Recently, someone I cared about passed away. My Granddad was 90 years old, and sometimes when people are around that long, you think somehow there is always tomorrow. It’s easy to push aside the thought that someone might be here today and gone tomorrow – I mean, no one wants to spend all their time worrying about that, do they? Why make yourself look at something that seems to have no possible answer except to be sad about something you can't avoid? But after being with my Granddad during his last few weeks on earth, and being there as he died, I am glad I didn't avoid the sad stuff. and here's why.
I chose to stay with my Granddad during what was supposed to be a couple of weeks of getting back into the swing of things after a fall and a few weeks of promising rehabilitation, but what ended up being his last few weeks of life. I am grateful that we had the chance to talk about this and that, to enjoy watching old British murder mysteries on TV, and to give him a hug when he said, "Thanks for looking after me today."
My granddad was also ridiculously stubborn. He didn't receive help easily. It wasn't easy to watch him struggle, knowing there were some things he just wouldn't allow me to help him with, even if it would've made his life easier. The morning he passed away, we were both getting ready to go visit my grandma in the nursing home. I was there when he fell over and went into cardiac arrest. I called the ambulance and stayed on the phone; I had to do CPR until they arrived.

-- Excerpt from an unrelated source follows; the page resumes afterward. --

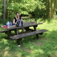 Afgelopen week ontsnapten er trouwens ook nog twee ezels. Gelukkig waren ze niet ver weggelopen, maar bij het terughalen is Dorine gevallen en op haar knie terechtgekomen. Resultaat: een dikke, gezwollen knie vol vocht. Dus dat betekent rust… NATUURLIJK… voor wie Dorine kent: rust, ja ja! Ze kon zaterdag in elk geval niet mee fietsen, dus besloot ik het rondje alleen te doen. Dorine zou gewoon mee gaan (rustig aan, natuurlijk) en dan zouden we samen na afloop bij een leuk picknickbankje aan het water een kopje koffie drinken en een croissantje eten. Ben ik bijna bij dat bankje — nog zo’n 3 km te gaan — wie kom ik daar tegen? Juist, Dorine met Amai, die een stukje waren gaan lopen. Uiteraard, rustig aan doen. 😉

A lot of people who knew I was there when he passed away would immediately remark how traumatic it must be. They probably crossed themselves and thank God they haven't been in that situation, and hope they never will. A lot of people avoid being with ageing family members, or avoid looking at what is coming hoping it'll just happen and they'll ride that wave when it comes.
But for me, the whole experience was a gift. And I was so glad that I had been prepared and aware. A week before my Granddad had died, I was telling my friend and colleague, Wendy Mulder that I desired to be more 'switched on' in life. I didn't want to miss opportunities and moments by not being present enough, or by avoiding dealing with the difficult parts of caring for my Granddad, or with anything I perceived as difficult or challenging. I am so glad I got to have that conversation with Wendy, because I approached things different when I got back to my Granddad that day. At that time, I didn't know that my grandfather would soon pass away, but I did know that it was important to me not to avoid anything or become distant or switched-off when it became uncomfortable or unfamiliar.

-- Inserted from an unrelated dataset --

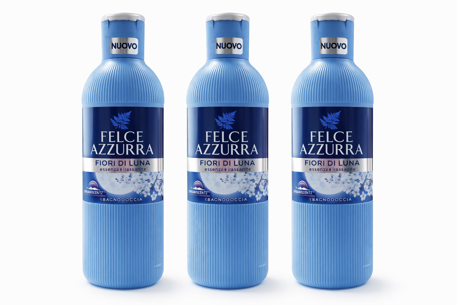 Setul conține 3 flacoane identice de Felce Azzurra Fiori di Luna, gel de duș și baie, cu o formulă delicată și o esență relaxantă, ideală pentru momentele de răsfăț zilnic.

And for helping me navigate all those places that we are told must be fraught with grief or stress, Wendy has been a huge gift in my life. She has been there for both me and my mother when it was time to put my grandmother in a nursing home. The tools and questions and advice she had, both from her own experience, but also with the tools and questions she would offer, made the process phenomenally easier, as it has made dealing with my grandmother's Alzheimer’s (and helping my Mum deal with it) so much lighter and easier, too. In the time leading up to my Granddad's death and the weeks afterwards, Wendy gave me tools and possibilities for being and doing something completely different. For not losing myself amidst the drama and sadness, to empower myself and those around me as well.
When caring for ageing people, we often see their lives shrink and we think there is less and less we can do, that it's kind of a one-way trajectory and we can feel powerless about it. But what my conversations with Wendy have shown me is that there's ALWAYS so much more possible and it never looks like how you think it will! Through her amazing insights and different points of view, I have realised that there are all kinds of areas of life where we are taught to believe grief has to prevail, that doesn’t have to be so. In fact, it can open your eyes to something so amazing and beautiful, if you are willing to just be there and not judge what is going on.
The day my granddad died, I felt sad, and I felt relieved for the end of his struggle, and I knew that everything was going to change for a lot of people. And it wasn’t a bad thing. I could feel whatever I was feeling without any sense of wrongness. I could allow everything that was coming up, for me and others, to just be there, and to let things be chaotic, messy, sad and joyful all at the same time. To be able to be present in the moment, no matter what was occurring, is something I didn’t even consider I could be, especially in the midst of losing someone for whom I have cared so deeply my entire life. But I did it and I am it, and I am so grateful for Wendy empowering me to be that.